_PROMPT_.
Set every line of the data down again exactly, and keep the pictures out.

──────── PROVIDED DATA ────────

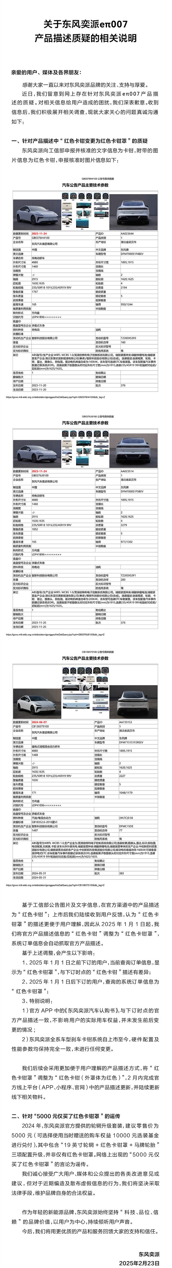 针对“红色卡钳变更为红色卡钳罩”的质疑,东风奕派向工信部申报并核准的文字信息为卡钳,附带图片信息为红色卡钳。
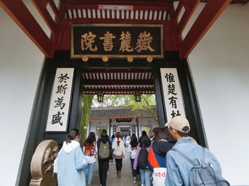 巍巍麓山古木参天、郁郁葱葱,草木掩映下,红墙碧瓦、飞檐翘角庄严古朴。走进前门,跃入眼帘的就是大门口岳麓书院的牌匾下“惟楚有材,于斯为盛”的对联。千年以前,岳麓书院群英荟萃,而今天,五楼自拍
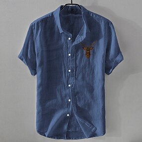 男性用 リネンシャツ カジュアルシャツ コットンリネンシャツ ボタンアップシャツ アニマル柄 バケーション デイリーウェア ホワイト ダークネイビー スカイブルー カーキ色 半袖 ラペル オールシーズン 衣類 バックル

────────

_ANSWER SECTION_.
 针对“红色卡钳变更为红色卡钳罩”的质疑,东风奕派向工信部申报并核准的文字信息为卡钳,附带图片信息为红色卡钳。
 巍巍麓山古木参天、郁郁葱葱,草木掩映下,红墙碧瓦、飞檐翘角庄严古朴。走进前门,跃入眼帘的就是大门口岳麓书院的牌匾下“惟楚有材,于斯为盛”的对联。千年以前,岳麓书院群英荟萃,而今天,五楼自拍
 男性用 リネンシャツ カジュアルシャツ コットンリネンシャツ ボタンアップシャツ アニマル柄 バケーション デイリーウェア ホワイト ダークネイビー スカイブルー カーキ色 半袖 ラペル オールシーズン 衣類 バックル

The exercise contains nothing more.